Le Olimpiadi di Barcellona: Fu vera gloria?
Dal corrispondente di Svegliatevi! in Spagna
IL 25 LUGLIO 1992 un arciere solitario tese il suo arco sotto la luce di un riflettore. Un attimo dopo una freccia infuocata si alzava precisa e veloce nel cielo notturno. Al culmine della sua parabola, la freccia sfiorò una fiaccola gigantesca situata sopra il grande stadio. La fiamma olimpica si accese. Erano cominciate le Olimpiadi di Barcellona.
Undicimila atleti di 172 paesi erano venuti a disputarsi 1.691 medaglie olimpiche. In armonia con il motto olimpico, i partecipanti si sono impegnati per ‘essere più veloci, arrivare più in alto ed essere più forti’ che mai, e alcuni ci sono riusciti. Si calcola che tre miliardi e mezzo di telespettatori abbiano seguito i loro trionfi e le loro delusioni.

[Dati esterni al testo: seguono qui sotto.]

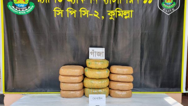 কুমিল্লায় র্যাবের অভিযানে ২৬ কেজি গাজা উদ্বার। এক নারীসহ আটক-২
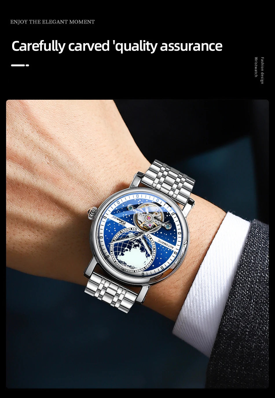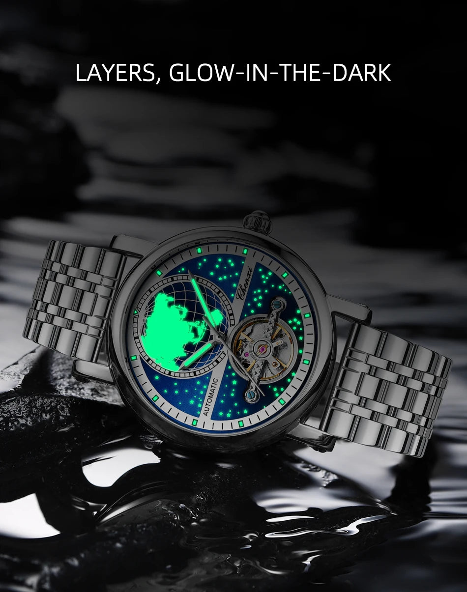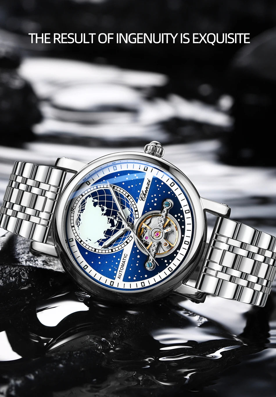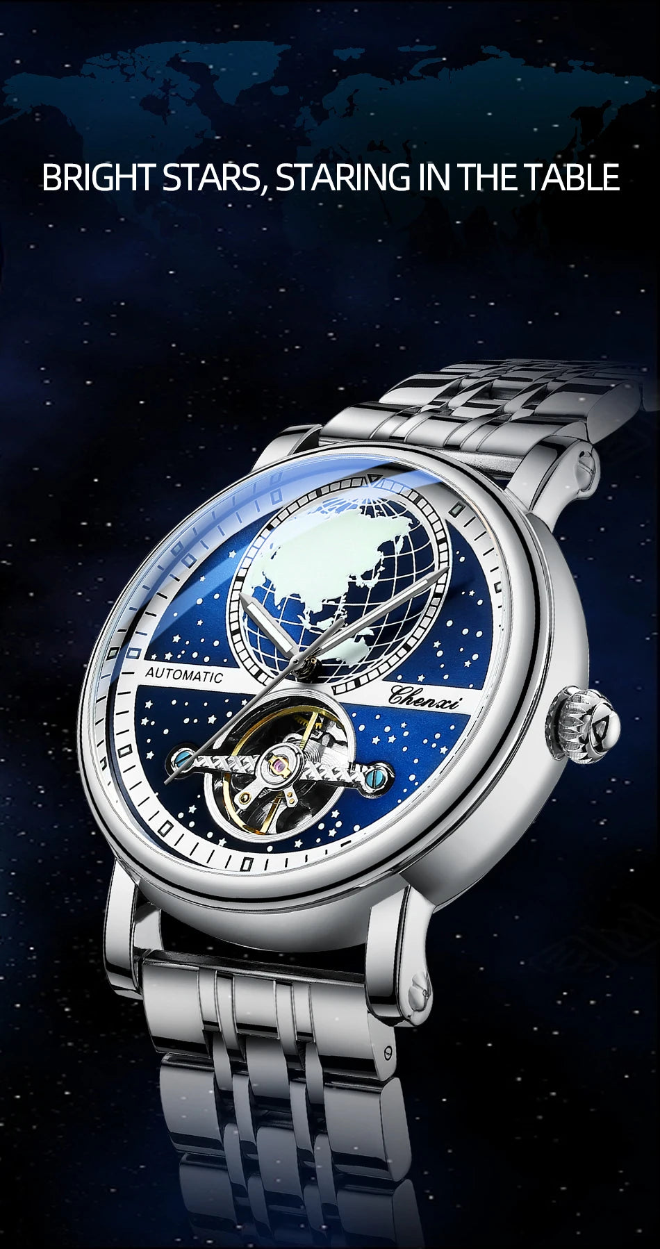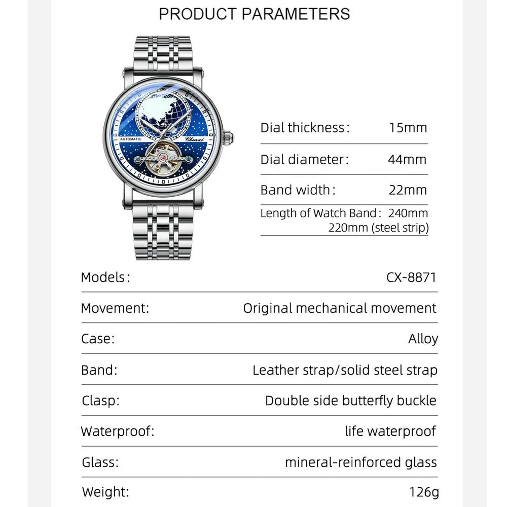 CHENXI Tourbillon Mens Watch Automatic Mechanical 8871 Classic Map Dial Waterproof Luminous Leather Watches for Men Reloj Hombre
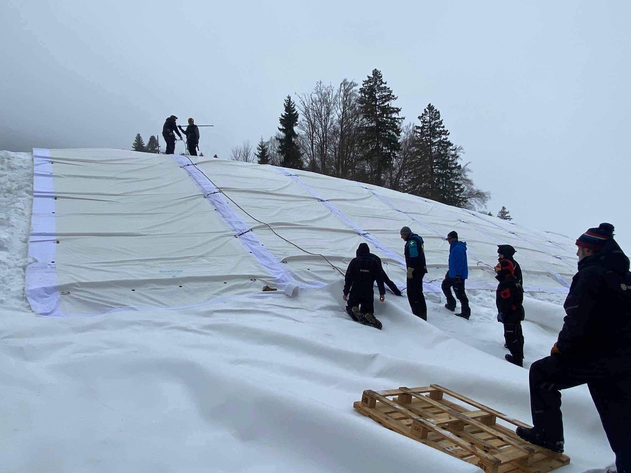Ils ont fait appel à l’entreprise Snow Secure, directement venue de Finlande. « On met du polystyrène XPS, utilisé sous les bâtiments en Finlande pour isoler », explique Antty Laslahti, directeur général de l’entreprise. Des matériaux qui devraient permettre à la neige de passer la saison estivale.
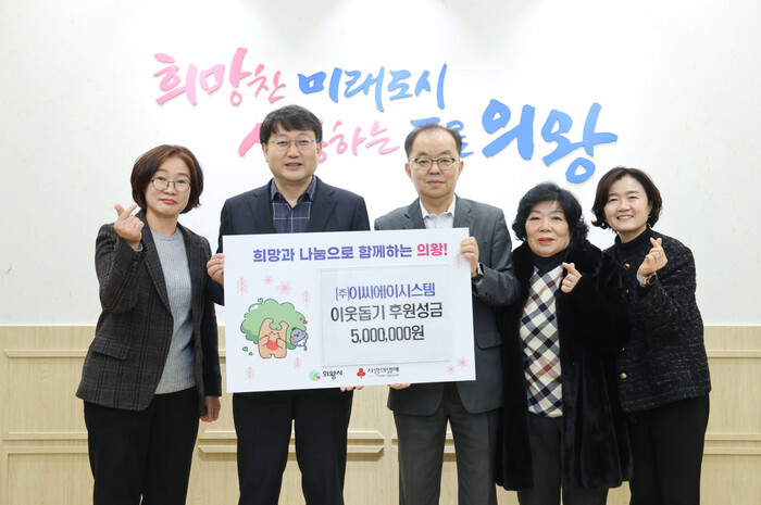 [의왕=송윤근 기자] 경기 의왕시가 지난 16일 (주)이씨에이시스템에서 지역사회 나눔 실천을 위한 성금 500만원을 기탁했다고 밝혔다.
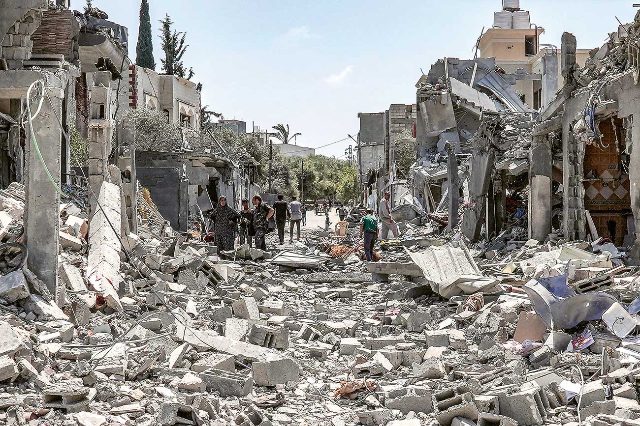 BERTAHAN DALAM PENDERITAAN: Warga Palestina mencari barang berharga di balik reruntuhan bangunan di kamp pengungsi Maghazi, pusat Jalur Gaza, kemarin 915/4).
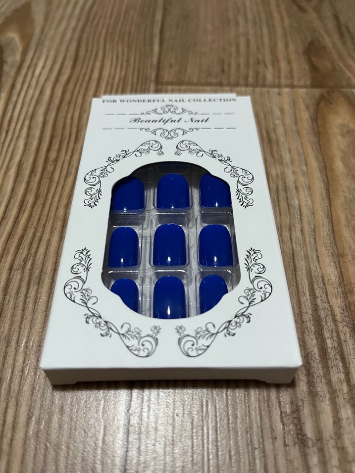 Parlak yüzeyli koyu mavi takma tırnaklar, süslü kutusunda kolay uygulama için hazır. 24 adet tırnak 24 adet yapıştırıcı bir adet törpü

Anche se i momenti di gloria, per gli atleti, durano poco, una vittoria olimpica promette fama e ricchezza. Le Olimpiadi di Barcellona non hanno fatto eccezione. Alcuni famosi atleti guadagnavano già milioni di dollari reclamizzando abbigliamento sportivo, scarpe da ginnastica, occhiali da sole e persino apparecchiature elettroniche.

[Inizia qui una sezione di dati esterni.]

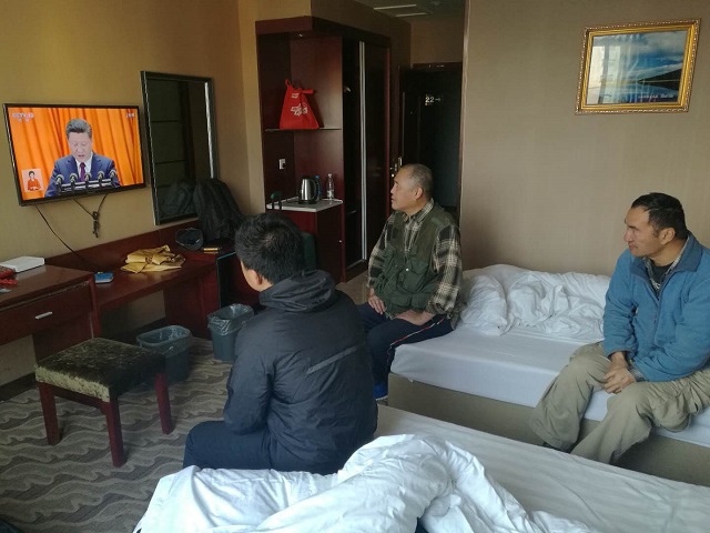 “塔里木盆地中东部航空重磁综合测量”勘查子项目组党员干部在新疆且末通过电视收看
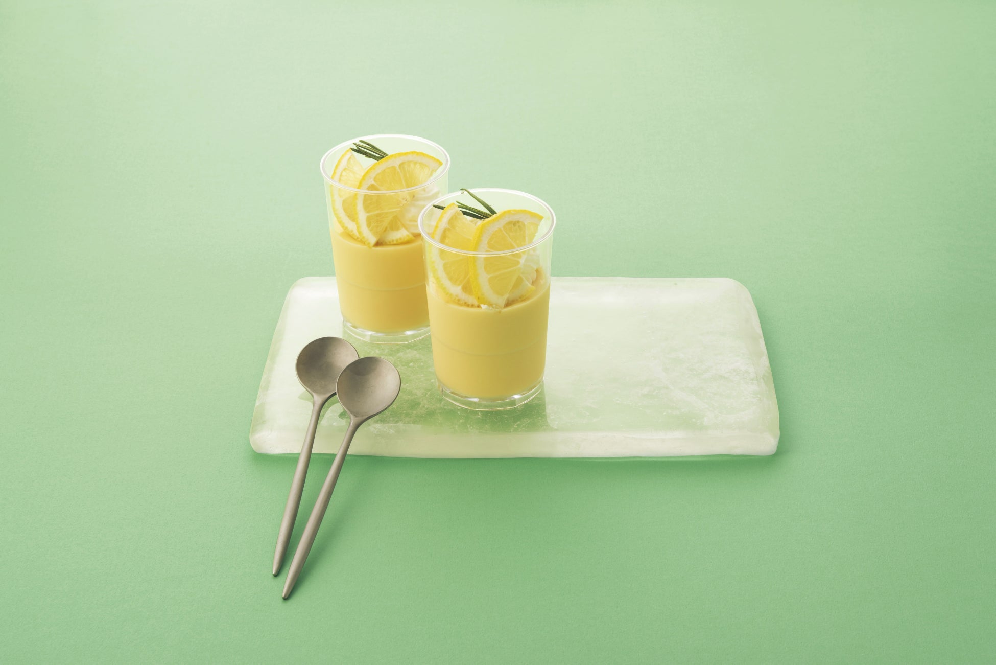 自社ブランド卵を使用した爽やかなレモン風味のプリン。レモンスライスと生クリームで飾り付けて夏らしく仕上げました。
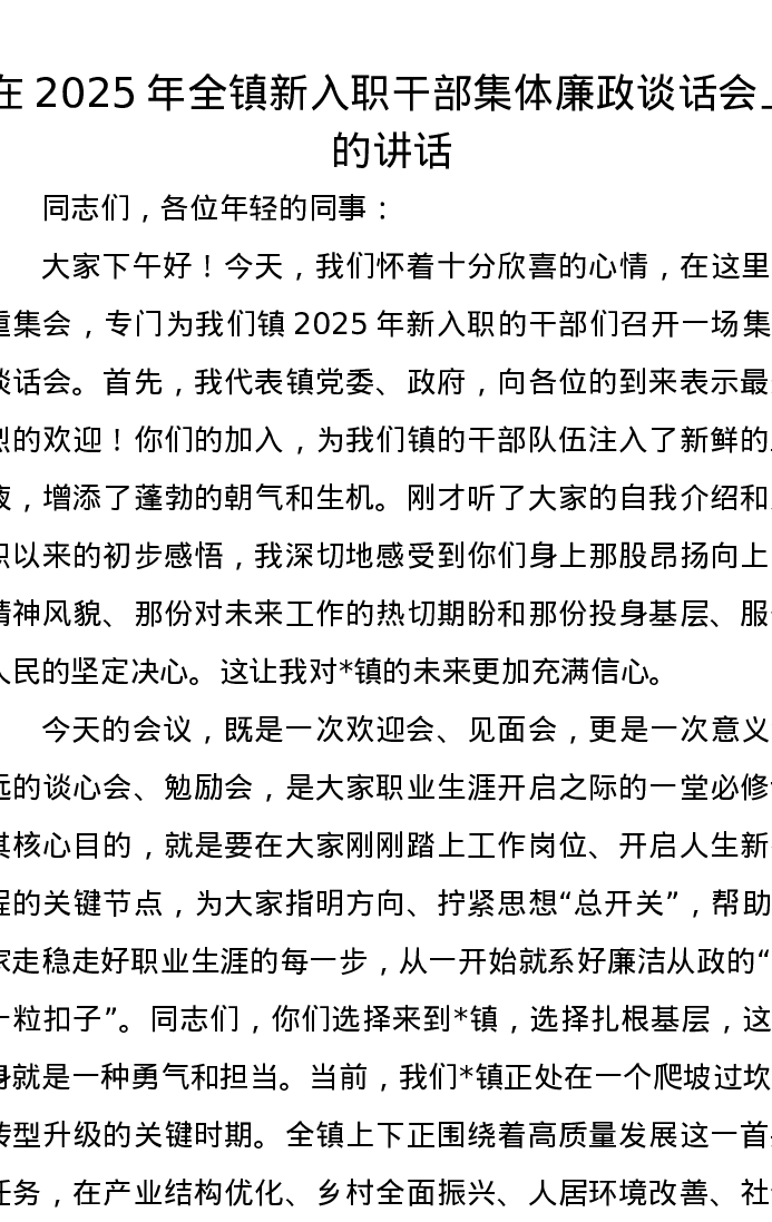在2025年全镇新入职干部集体廉政谈话会上的讲话

L’impegno, il segreto della gloria olimpica
Anche se molti atleti, specie i ginnasti e i tuffatori, compiono le loro imprese con apparente facilità, dietro a quei risultati ci sono anni di strenuo allenamento. Alcuni si allenano da quando avevano cinque anni. E se un atleta vuole assaporare il successo, deve dare la precedenza assoluta allo sport.

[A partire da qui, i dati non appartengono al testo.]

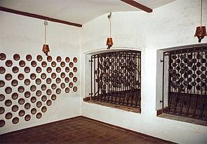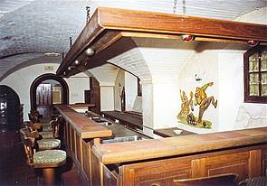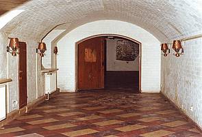 In Anspruch genommen wurden hierzu auch die im Keller gelegenen Trinkstuben mit Kachelöfen, Holzvertäfelungen, Glas- und Wandmalereien mit humorigen Trinksprüchen sowie die dort gelegenen Wein- und Vorratskeller samt einer trutzigen Trinkbar. Massiver Stein und üppige Eichenholztüren prägten sogar unter Tage die Philosophie der NS-Architektur und ihre vermeintliche Unvergänglichkeit. Die weiß gestrichenen Ziegel, die mit einer bogenförmigen Decke das Ambiente des Kellergewölbes eindrucksvoll zum Ausdruck bringen, wurden am Boden mit Steinplatten verschiedener Brauntöne markant in Kontrast gesetzt.
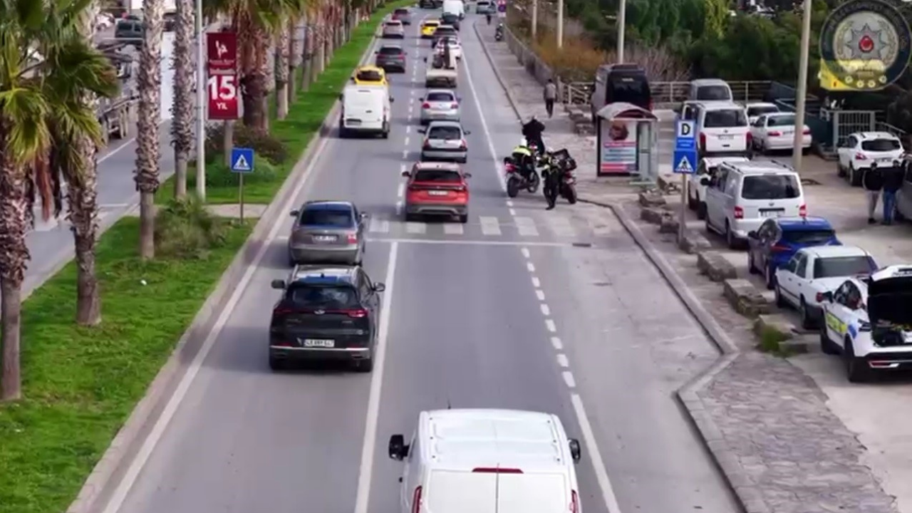 Bodrum İlçe Emniyet Müdürlüğü Trafik Tescil Denetleme Büro Amirliği ekipleri, ilçede trafik ihlallerine karşı drone destekli denetimlerini sürdürüyor.
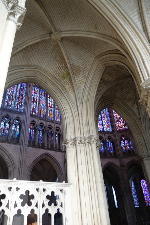 The Cathedral of St Peter and St. Paul in Troyes, begun in 1208 and built over four centuries, must still have been a thing of wonder when the city went up in flames. Chagall notwithstanding, Troyes upstages Reims when it comes to stained glass. The Aube region, of which it is now administrative capital, has the word’s highest concentration of it. A museum of the art is under development there. The cathedral has fine rose windows. One the north aisle is the “pressoir mystique”, a remarkable 1625 window by a local master, Linard Gonthier, in which blood flows from a wound in Christ’s body into a wine chalice.
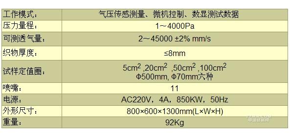 用于機(jī)織物、針織物、非織造布及工業(yè)濾布等的透氣性能。
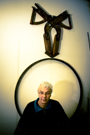 Martin Caminiti est directeur de la villa Thiole. Le reste du temps, il travaille dans son atelier à la Halle Spada à mettre en forme d’étonnants objets qui prennent racine dans notre présent et la tangente en quelques tours de roues. Pêcheur par son prénom, cycliste « chemin faisant », Caminiti est né en Calabre (Taurianova) en 1959 ce qui lui vaudra plus tard de se voir refuser une exposition en Italie du Nord. Mais c’est une autre histoire.

Il nuotatore spagnolo Martín López Zubero, vincitore dei 200 metri dorso, ha detto, forse esagerando un po’: “Ho passato un terzo della mia esistenza in acqua”. Il suo programma di allenamento comincia alle cinque di mattina, ed egli calcola di aver percorso a nuoto 8.000 chilometri in poco più di un anno.
Gli allenamenti significano sofferenza, non solo rinunce. Jackie Joyner-Kersee, medaglia d’oro nell’eptathlon a Seoul e a Barcellona, spiega: “La gara è spettacolare. L’allenamento no. . . . Chiedete a qualsiasi atleta: tutti abbiamo dolori in continuazione. Io chiedo al mio fisico di superare sette prove diverse. Pretendere anche che non mi faccia male sarebbe troppo”. Soprattutto i ginnasti devono saper soffrire. Devono rispettare due volte al giorno il loro programma di allenamenti nonostante polsi o caviglie slogate, strappi muscolari o lussazioni, e persino fratture da sforzo. Ma in ultima analisi, è da questo impegno che nascono i campioni e lo spettacolo.
Olimpiadi e oro
Non c’è dubbio che le Olimpiadi sono uno spettacolo grandioso. Fanno vivere momenti emozionanti agli spettatori e danno modo agli atleti di mettersi in luce conseguendo notevoli risultati sportivi. Barcellona non ha fatto eccezione sotto questo aspetto.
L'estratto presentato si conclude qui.